_Exercise aim_. Please set down, word for word, the line that contains "WL&A Handmade High" and every line after it to the end of the entries below, omitting the pictures.
——
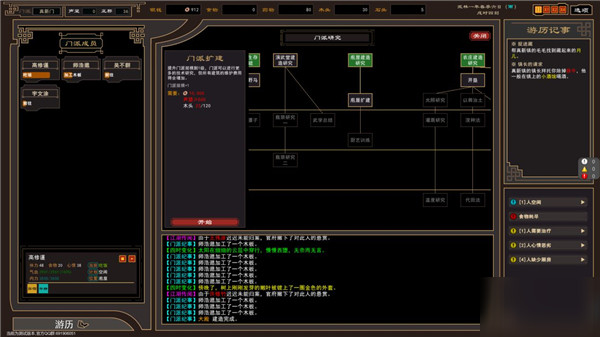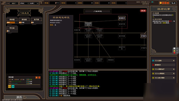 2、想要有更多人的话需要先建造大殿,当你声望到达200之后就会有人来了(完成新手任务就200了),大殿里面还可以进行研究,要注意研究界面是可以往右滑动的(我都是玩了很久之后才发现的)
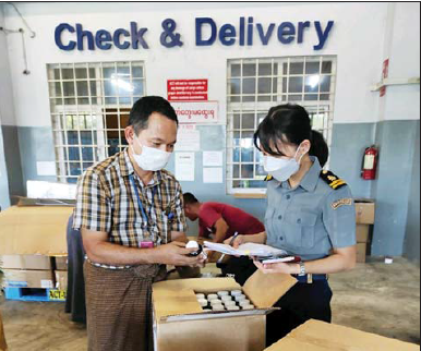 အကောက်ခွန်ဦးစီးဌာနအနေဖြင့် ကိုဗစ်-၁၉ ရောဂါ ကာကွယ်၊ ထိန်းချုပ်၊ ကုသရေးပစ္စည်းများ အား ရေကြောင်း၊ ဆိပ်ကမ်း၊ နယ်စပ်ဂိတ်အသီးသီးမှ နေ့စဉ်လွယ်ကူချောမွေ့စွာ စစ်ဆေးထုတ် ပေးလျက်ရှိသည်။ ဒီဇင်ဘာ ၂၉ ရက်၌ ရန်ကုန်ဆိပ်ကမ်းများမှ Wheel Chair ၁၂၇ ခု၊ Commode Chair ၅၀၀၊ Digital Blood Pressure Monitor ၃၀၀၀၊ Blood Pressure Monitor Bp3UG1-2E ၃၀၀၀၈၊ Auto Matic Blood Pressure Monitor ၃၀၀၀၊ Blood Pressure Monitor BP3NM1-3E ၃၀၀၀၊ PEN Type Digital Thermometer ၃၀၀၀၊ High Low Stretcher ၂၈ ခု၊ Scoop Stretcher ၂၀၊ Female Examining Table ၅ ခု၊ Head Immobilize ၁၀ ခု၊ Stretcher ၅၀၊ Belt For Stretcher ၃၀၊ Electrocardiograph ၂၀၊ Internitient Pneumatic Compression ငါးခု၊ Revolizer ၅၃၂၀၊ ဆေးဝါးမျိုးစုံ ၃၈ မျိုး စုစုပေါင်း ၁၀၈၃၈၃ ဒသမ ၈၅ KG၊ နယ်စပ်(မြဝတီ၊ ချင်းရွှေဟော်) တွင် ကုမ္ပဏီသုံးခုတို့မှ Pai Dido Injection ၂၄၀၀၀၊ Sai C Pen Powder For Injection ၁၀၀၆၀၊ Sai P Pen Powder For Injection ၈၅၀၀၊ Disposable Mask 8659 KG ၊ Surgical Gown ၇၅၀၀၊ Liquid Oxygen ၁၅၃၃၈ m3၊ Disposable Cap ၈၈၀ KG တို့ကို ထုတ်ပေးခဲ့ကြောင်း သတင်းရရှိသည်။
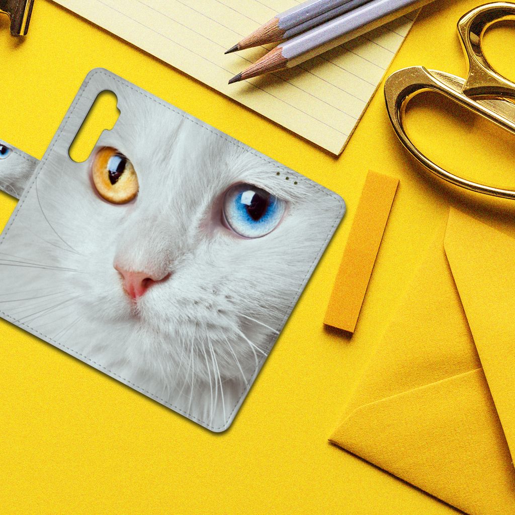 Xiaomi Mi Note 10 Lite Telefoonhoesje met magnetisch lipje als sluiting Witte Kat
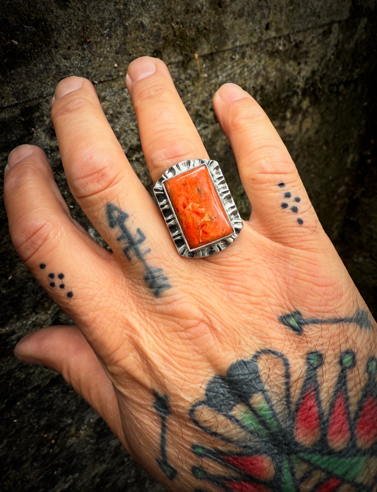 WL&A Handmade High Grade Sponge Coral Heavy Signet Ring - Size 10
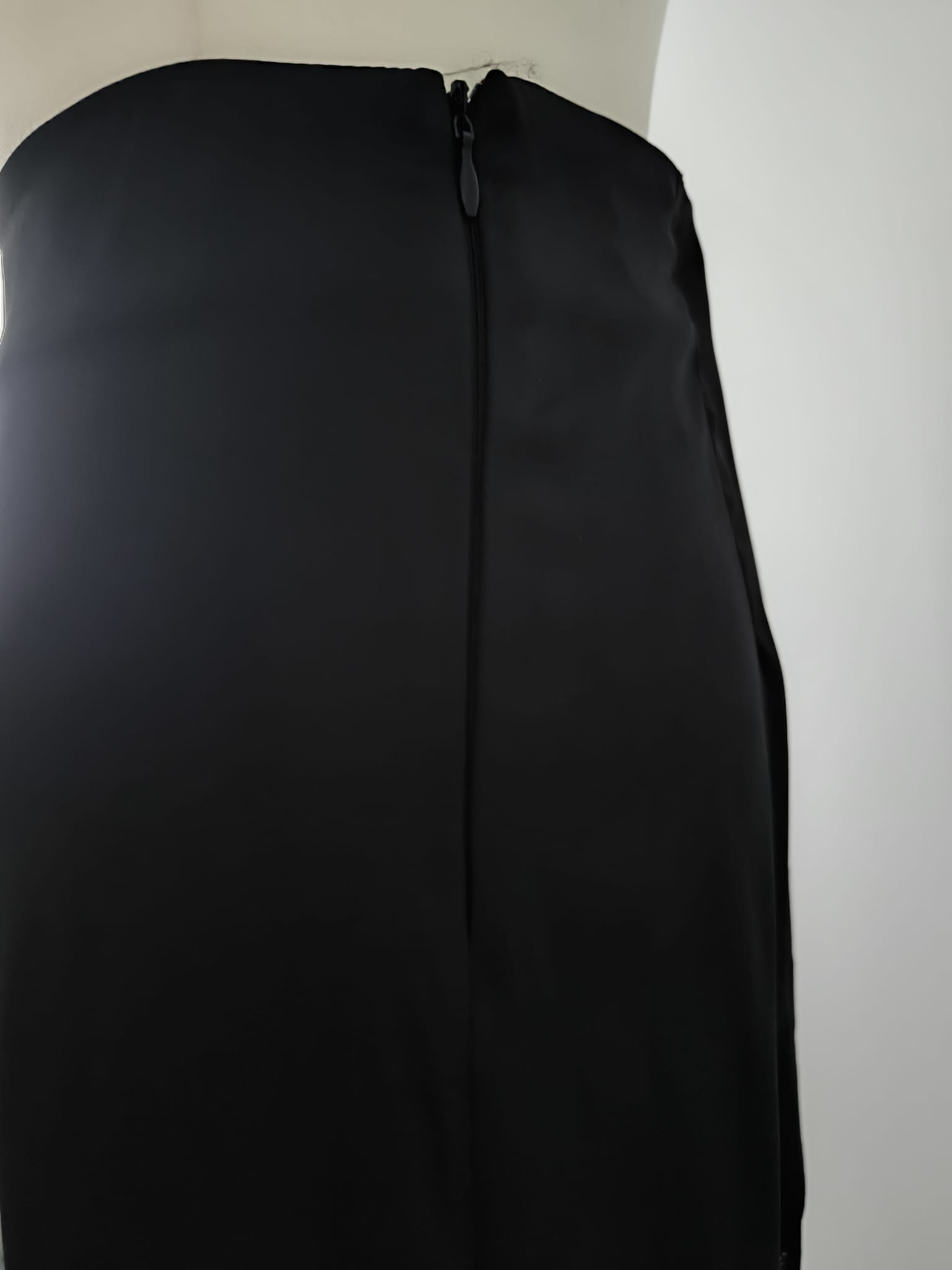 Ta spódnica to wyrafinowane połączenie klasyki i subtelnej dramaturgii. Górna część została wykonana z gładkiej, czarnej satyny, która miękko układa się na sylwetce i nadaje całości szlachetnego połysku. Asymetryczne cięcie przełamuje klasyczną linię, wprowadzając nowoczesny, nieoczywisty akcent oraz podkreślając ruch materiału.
——
_Output for this task_.
 WL&A Handmade High Grade Sponge Coral Heavy Signet Ring - Size 10
 Ta spódnica to wyrafinowane połączenie klasyki i subtelnej dramaturgii. Górna część została wykonana z gładkiej, czarnej satyny, która miękko układa się na sylwetce i nadaje całości szlachetnego połysku. Asymetryczne cięcie przełamuje klasyczną linię, wprowadzając nowoczesny, nieoczywisty akcent oraz podkreślając ruch materiału.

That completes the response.